Unnamed: 0,110 2016-05-12 00_00_00.pickl,110 2016-07-22 00_00_00.pickl,110 2017-02-14 00_00_00.pickl,110 2017-05-11 00_00_00.pickl,110 2018-08-17 00_00_00.pickl
110 2016-05-12 00_00_00.pickl,0.0,0.0893,0.0244,0.0245,0.0484
110 2016-07-22 00_00_00.pickl,0.0893,0.0,0.0699,0.1116,0.0895
110 2017-02-14 00_00_00.pickl,0.0244,0.0699,0.0,0.0441,0.0386
110 2017-05-11 00_00_00.pickl,0.0245,0.1116,0.0441,0.0,0.0596
110 2018-08-17 00_00_00.pickl,0.0484,0.0895,0.0386,0.0596,0.0


## Wasserstein distance for the test files
This is for getting the Wasserstein distance for the test files for the plot for the H0 connected components. If the 5 files are good representatives, their Wasserstein distances should be near zero with each other.

In [None]:
b0_lists = []
file_names = sorted(os.listdir(directory))

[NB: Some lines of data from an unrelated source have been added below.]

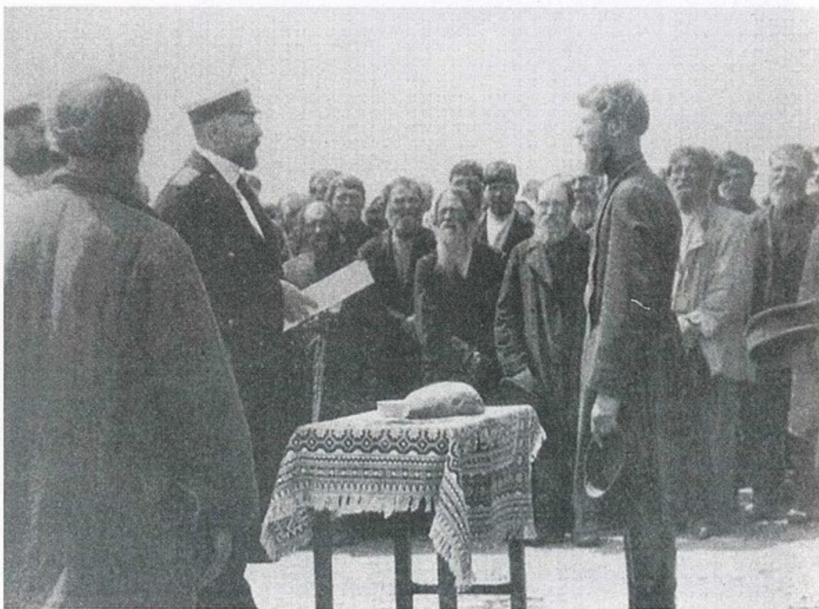
П. А. Столыпин принимает рапорт от волостного старшины в селе Пристанном

время реформ царя-освободителя Александра II. При отмене крепостного права, государство стремилось создать в каждой деревне опору в лице избираемого самими селянами представителя власти. Сельский сход и его исполнительные органы должны были стать «коллективным помещиком». Именно сельский сход в пореформенной деревне вершил всеми делами, принимал решения стратегические: выбирал всех должностных лиц и назначал выборных на волостной сход, «удалял из общества вредных и порочных членов его», принимал новых жителей своего селения, назначал опекунов и попечителей, решал дела, касающиеся общинного пользования землей, раскладывал на крестьян подати и мирские денежные сборы.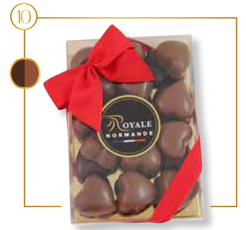
Coffret Cœurs Chocolat noir intense & chocolat lait praliné croustillant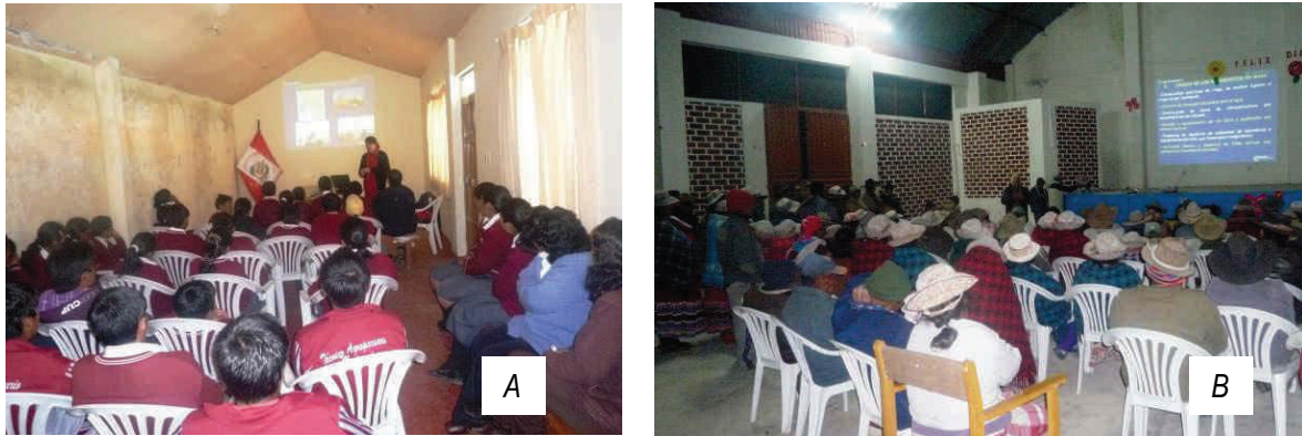
Figura 4. A) Capacitación a estudiantes de la Institución Educativa de Madrigal; B) Charla a los integrantes de la Comisión de Regantes del distrito de Madrigal.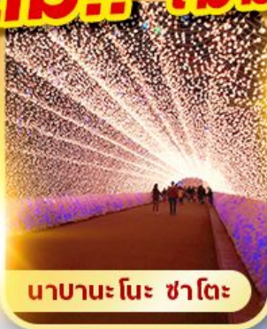
นาฮานะ โนะ ซาโตะ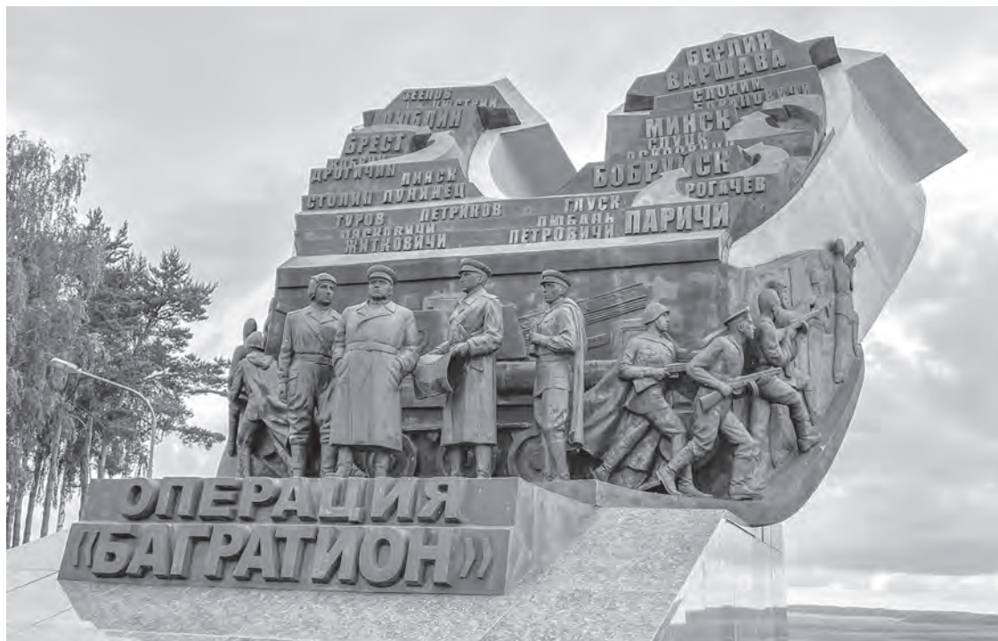
В честь героического подвига героев-освободителей 10 лет назад на рубеже старта грандиозной военной операции вблизи деревни Раковичи Светлогорского района возвели монумент «Багратион». Он напоминает о событиях 1944 года и о том, какой ценой досталась Великая Победа.

К вечеру следующего дня были сделаны 20 комплектов мокроступов. Дождавшись сумерек, разведчики с офицерами инженерного отдела начали преодоление одного из участков болота. Двигались осторожно, через определенные промежутки измеряли глубину топи. Отряд незамеченным вышел за передний край

for name in sorted(os.listdir(directory)):
    file_path = os.path.join(directory, name)
    
    if os.path.isfile(file_path) and name.endswith('.pickl'):
        try:
            with open(file_path, 'rb') as f:
                data = pickle.load(f)
                dist_matrix = data.get('distance matrix')
                if dist_matrix is None:
                    print(f"Distance matrix not found in {name}")
        except (pickle.UnpicklingError, EOFError, KeyError) as e:
            print(f"Error loading {name}: {e}")
            continue
    
    # making a persistence diagram from a rips filtration 
    pers_diag = ripser.ripser(dist_matrix, distance_matrix=True, maxdim=2)
    diagrams = pers_diag['dgms']
    thresh_list = np.linspace(0, 1, 50)
    b0_data = []

    for t in thresh_list:
        pers_diag2 = ripser.ripser(dist_matrix, distance_matrix=True, thresh=t, maxdim=2)
        diagrams2 = pers_diag2['dgms']
        b0 = sum(d[1] == np.inf for d in diagrams2[0]) if len(diagrams2) > 0 else 0
        b0_data.append((t, b0))
        
    b0_df = pd.DataFrame(b0_data, columns=['threshold', 'b0'])
    b0_df['min max'] = (b0_df['b0'] - min(b0_data)[1])/(max(b0_data)[1] - min(b0_data)[1])
    
    b0_lists.append(b0_df['min max'].to_list())

In [None]:
for list in b0_lists:
    plt.plot(list)
    plt.show()

In [None]:
distance_matrix = pd.DataFrame(
    0.0, 
    index=file_names, 
    columns=file_names
)

for i in range(len(b0_lists)):
    for j in range(i, len(b0_lists)):        
        dist = wasserstein_distance(b0_lists[i], b0_lists[j])
        
        distance_matrix.iloc[i, j] = dist
        distance_matrix.iloc[j, i] = dist

if '.ipynb_checkpoints' in distance_matrix.index:
    distance_matrix = distance_matrix.drop('.ipynb_checkpoints', axis=0)
    distance_matrix = distance_matrix.drop('.ipynb_checkpoints', axis=1)

distance_matrix.round(4)

Seeing that most of the Wasserstein distances between each are close to zero, then the 5 randomly chosen dates are good representatives of noncrash years prior to the crash year.